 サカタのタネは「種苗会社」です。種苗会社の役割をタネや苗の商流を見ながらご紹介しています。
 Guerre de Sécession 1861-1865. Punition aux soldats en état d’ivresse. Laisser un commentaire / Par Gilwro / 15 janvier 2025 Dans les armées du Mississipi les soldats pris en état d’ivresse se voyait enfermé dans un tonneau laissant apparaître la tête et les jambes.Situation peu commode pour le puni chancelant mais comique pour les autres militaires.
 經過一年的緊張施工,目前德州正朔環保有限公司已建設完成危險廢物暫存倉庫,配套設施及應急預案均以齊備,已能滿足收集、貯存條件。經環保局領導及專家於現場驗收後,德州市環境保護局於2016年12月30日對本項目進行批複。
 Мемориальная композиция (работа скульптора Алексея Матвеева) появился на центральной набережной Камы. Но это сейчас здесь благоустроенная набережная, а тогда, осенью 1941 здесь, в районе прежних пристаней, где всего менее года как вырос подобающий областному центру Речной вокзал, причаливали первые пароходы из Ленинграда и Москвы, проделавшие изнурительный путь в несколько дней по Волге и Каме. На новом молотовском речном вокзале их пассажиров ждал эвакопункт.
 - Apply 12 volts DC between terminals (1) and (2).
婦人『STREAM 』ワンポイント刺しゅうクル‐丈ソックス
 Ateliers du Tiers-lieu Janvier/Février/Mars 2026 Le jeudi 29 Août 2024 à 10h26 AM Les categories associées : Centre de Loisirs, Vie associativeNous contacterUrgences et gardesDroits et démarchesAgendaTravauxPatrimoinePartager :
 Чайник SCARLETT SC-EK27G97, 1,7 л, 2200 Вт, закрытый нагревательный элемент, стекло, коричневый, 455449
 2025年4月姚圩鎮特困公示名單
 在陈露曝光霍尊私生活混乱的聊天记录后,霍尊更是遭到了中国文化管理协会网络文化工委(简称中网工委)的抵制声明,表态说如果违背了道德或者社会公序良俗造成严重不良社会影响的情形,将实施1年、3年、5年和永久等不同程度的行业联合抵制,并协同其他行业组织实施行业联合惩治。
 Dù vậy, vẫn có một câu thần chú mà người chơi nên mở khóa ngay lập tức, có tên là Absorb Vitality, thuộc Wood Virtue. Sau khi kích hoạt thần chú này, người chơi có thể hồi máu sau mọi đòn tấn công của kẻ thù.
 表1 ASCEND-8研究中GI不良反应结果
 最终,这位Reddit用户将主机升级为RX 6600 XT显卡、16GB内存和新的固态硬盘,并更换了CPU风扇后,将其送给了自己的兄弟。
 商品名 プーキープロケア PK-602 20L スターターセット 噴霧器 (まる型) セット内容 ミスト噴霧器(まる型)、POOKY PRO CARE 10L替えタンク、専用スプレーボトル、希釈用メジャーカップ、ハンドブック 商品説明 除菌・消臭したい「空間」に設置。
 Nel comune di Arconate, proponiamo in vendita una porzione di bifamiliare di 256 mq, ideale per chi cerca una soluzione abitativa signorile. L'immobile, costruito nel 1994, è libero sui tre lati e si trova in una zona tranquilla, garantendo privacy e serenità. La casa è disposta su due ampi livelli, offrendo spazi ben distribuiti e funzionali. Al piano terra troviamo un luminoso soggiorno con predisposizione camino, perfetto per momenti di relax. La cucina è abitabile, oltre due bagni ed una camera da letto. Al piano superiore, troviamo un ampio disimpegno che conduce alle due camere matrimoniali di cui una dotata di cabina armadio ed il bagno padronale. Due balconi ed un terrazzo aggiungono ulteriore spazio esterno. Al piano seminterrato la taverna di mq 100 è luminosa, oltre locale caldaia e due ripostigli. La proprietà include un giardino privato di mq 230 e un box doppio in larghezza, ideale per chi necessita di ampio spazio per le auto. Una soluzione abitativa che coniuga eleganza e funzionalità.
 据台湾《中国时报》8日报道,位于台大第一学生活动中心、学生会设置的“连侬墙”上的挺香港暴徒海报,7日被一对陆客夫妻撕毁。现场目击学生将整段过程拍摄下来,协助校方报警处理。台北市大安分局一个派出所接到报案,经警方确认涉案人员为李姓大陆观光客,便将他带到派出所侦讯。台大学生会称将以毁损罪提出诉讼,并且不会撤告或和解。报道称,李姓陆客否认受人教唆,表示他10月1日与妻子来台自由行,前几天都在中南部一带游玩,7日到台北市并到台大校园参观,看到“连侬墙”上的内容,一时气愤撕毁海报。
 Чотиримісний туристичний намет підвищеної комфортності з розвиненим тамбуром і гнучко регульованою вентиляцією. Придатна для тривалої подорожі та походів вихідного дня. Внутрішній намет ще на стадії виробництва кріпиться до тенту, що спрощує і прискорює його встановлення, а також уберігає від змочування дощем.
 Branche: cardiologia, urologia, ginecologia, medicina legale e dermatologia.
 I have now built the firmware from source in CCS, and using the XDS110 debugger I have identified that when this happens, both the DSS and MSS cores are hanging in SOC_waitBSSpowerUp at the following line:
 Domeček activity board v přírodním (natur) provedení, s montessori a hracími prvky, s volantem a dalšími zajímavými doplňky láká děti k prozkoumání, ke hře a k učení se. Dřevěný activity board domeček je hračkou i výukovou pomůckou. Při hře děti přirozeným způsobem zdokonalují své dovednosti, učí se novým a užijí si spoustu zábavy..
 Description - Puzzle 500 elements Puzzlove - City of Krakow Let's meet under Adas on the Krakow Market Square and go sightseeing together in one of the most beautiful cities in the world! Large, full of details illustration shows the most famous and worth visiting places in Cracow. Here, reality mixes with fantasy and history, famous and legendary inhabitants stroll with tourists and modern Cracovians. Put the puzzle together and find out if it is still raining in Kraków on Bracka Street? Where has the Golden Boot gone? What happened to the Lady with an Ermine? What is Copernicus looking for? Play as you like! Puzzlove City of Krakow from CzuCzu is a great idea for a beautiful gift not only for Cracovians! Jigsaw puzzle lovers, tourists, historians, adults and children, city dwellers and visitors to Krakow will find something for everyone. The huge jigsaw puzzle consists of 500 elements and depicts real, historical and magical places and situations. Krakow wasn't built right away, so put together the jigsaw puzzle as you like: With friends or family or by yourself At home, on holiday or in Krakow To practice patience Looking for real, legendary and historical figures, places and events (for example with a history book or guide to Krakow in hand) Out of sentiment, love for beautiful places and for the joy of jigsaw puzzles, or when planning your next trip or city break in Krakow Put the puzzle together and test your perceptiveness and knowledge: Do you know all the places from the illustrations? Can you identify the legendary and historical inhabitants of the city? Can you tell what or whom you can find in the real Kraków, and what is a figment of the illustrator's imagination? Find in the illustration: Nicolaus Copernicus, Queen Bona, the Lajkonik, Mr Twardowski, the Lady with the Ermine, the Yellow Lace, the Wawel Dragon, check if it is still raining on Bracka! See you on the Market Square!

====================

**PROBLEM DETAILS**
Print out the whole of the material exactly, line for line.

**ANSWER TO THIS PROBLEM**
 サカタのタネは「種苗会社」です。種苗会社の役割をタネや苗の商流を見ながらご紹介しています。
 Guerre de Sécession 1861-1865. Punition aux soldats en état d’ivresse. Laisser un commentaire / Par Gilwro / 15 janvier 2025 Dans les armées du Mississipi les soldats pris en état d’ivresse se voyait enfermé dans un tonneau laissant apparaître la tête et les jambes.Situation peu commode pour le puni chancelant mais comique pour les autres militaires.
 經過一年的緊張施工,目前德州正朔環保有限公司已建設完成危險廢物暫存倉庫,配套設施及應急預案均以齊備,已能滿足收集、貯存條件。經環保局領導及專家於現場驗收後,德州市環境保護局於2016年12月30日對本項目進行批複。
 Мемориальная композиция (работа скульптора Алексея Матвеева) появился на центральной набережной Камы. Но это сейчас здесь благоустроенная набережная, а тогда, осенью 1941 здесь, в районе прежних пристаней, где всего менее года как вырос подобающий областному центру Речной вокзал, причаливали первые пароходы из Ленинграда и Москвы, проделавшие изнурительный путь в несколько дней по Волге и Каме. На новом молотовском речном вокзале их пассажиров ждал эвакопункт.
 - Apply 12 volts DC between terminals (1) and (2).
婦人『STREAM 』ワンポイント刺しゅうクル‐丈ソックス
 Ateliers du Tiers-lieu Janvier/Février/Mars 2026 Le jeudi 29 Août 2024 à 10h26 AM Les categories associées : Centre de Loisirs, Vie associativeNous contacterUrgences et gardesDroits et démarchesAgendaTravauxPatrimoinePartager :
 Чайник SCARLETT SC-EK27G97, 1,7 л, 2200 Вт, закрытый нагревательный элемент, стекло, коричневый, 455449
 2025年4月姚圩鎮特困公示名單
 在陈露曝光霍尊私生活混乱的聊天记录后,霍尊更是遭到了中国文化管理协会网络文化工委(简称中网工委)的抵制声明,表态说如果违背了道德或者社会公序良俗造成严重不良社会影响的情形,将实施1年、3年、5年和永久等不同程度的行业联合抵制,并协同其他行业组织实施行业联合惩治。
 Dù vậy, vẫn có một câu thần chú mà người chơi nên mở khóa ngay lập tức, có tên là Absorb Vitality, thuộc Wood Virtue. Sau khi kích hoạt thần chú này, người chơi có thể hồi máu sau mọi đòn tấn công của kẻ thù.
 表1 ASCEND-8研究中GI不良反应结果
 最终,这位Reddit用户将主机升级为RX 6600 XT显卡、16GB内存和新的固态硬盘,并更换了CPU风扇后,将其送给了自己的兄弟。
 商品名 プーキープロケア PK-602 20L スターターセット 噴霧器 (まる型) セット内容 ミスト噴霧器(まる型)、POOKY PRO CARE 10L替えタンク、専用スプレーボトル、希釈用メジャーカップ、ハンドブック 商品説明 除菌・消臭したい「空間」に設置。
 Nel comune di Arconate, proponiamo in vendita una porzione di bifamiliare di 256 mq, ideale per chi cerca una soluzione abitativa signorile. L'immobile, costruito nel 1994, è libero sui tre lati e si trova in una zona tranquilla, garantendo privacy e serenità. La casa è disposta su due ampi livelli, offrendo spazi ben distribuiti e funzionali. Al piano terra troviamo un luminoso soggiorno con predisposizione camino, perfetto per momenti di relax. La cucina è abitabile, oltre due bagni ed una camera da letto. Al piano superiore, troviamo un ampio disimpegno che conduce alle due camere matrimoniali di cui una dotata di cabina armadio ed il bagno padronale. Due balconi ed un terrazzo aggiungono ulteriore spazio esterno. Al piano seminterrato la taverna di mq 100 è luminosa, oltre locale caldaia e due ripostigli. La proprietà include un giardino privato di mq 230 e un box doppio in larghezza, ideale per chi necessita di ampio spazio per le auto. Una soluzione abitativa che coniuga eleganza e funzionalità.
 据台湾《中国时报》8日报道,位于台大第一学生活动中心、学生会设置的“连侬墙”上的挺香港暴徒海报,7日被一对陆客夫妻撕毁。现场目击学生将整段过程拍摄下来,协助校方报警处理。台北市大安分局一个派出所接到报案,经警方确认涉案人员为李姓大陆观光客,便将他带到派出所侦讯。台大学生会称将以毁损罪提出诉讼,并且不会撤告或和解。报道称,李姓陆客否认受人教唆,表示他10月1日与妻子来台自由行,前几天都在中南部一带游玩,7日到台北市并到台大校园参观,看到“连侬墙”上的内容,一时气愤撕毁海报。
 Чотиримісний туристичний намет підвищеної комфортності з розвиненим тамбуром і гнучко регульованою вентиляцією. Придатна для тривалої подорожі та походів вихідного дня. Внутрішній намет ще на стадії виробництва кріпиться до тенту, що спрощує і прискорює його встановлення, а також уберігає від змочування дощем.
 Branche: cardiologia, urologia, ginecologia, medicina legale e dermatologia.
 I have now built the firmware from source in CCS, and using the XDS110 debugger I have identified that when this happens, both the DSS and MSS cores are hanging in SOC_waitBSSpowerUp at the following line:
 Domeček activity board v přírodním (natur) provedení, s montessori a hracími prvky, s volantem a dalšími zajímavými doplňky láká děti k prozkoumání, ke hře a k učení se. Dřevěný activity board domeček je hračkou i výukovou pomůckou. Při hře děti přirozeným způsobem zdokonalují své dovednosti, učí se novým a užijí si spoustu zábavy..
 Description - Puzzle 500 elements Puzzlove - City of Krakow Let's meet under Adas on the Krakow Market Square and go sightseeing together in one of the most beautiful cities in the world! Large, full of details illustration shows the most famous and worth visiting places in Cracow. Here, reality mixes with fantasy and history, famous and legendary inhabitants stroll with tourists and modern Cracovians. Put the puzzle together and find out if it is still raining in Kraków on Bracka Street? Where has the Golden Boot gone? What happened to the Lady with an Ermine? What is Copernicus looking for? Play as you like! Puzzlove City of Krakow from CzuCzu is a great idea for a beautiful gift not only for Cracovians! Jigsaw puzzle lovers, tourists, historians, adults and children, city dwellers and visitors to Krakow will find something for everyone. The huge jigsaw puzzle consists of 500 elements and depicts real, historical and magical places and situations. Krakow wasn't built right away, so put together the jigsaw puzzle as you like: With friends or family or by yourself At home, on holiday or in Krakow To practice patience Looking for real, legendary and historical figures, places and events (for example with a history book or guide to Krakow in hand) Out of sentiment, love for beautiful places and for the joy of jigsaw puzzles, or when planning your next trip or city break in Krakow Put the puzzle together and test your perceptiveness and knowledge: Do you know all the places from the illustrations? Can you identify the legendary and historical inhabitants of the city? Can you tell what or whom you can find in the real Kraków, and what is a figment of the illustrator's imagination? Find in the illustration: Nicolaus Copernicus, Queen Bona, the Lajkonik, Mr Twardowski, the Lady with the Ermine, the Yellow Lace, the Wawel Dragon, check if it is still raining on Bracka! See you on the Market Square!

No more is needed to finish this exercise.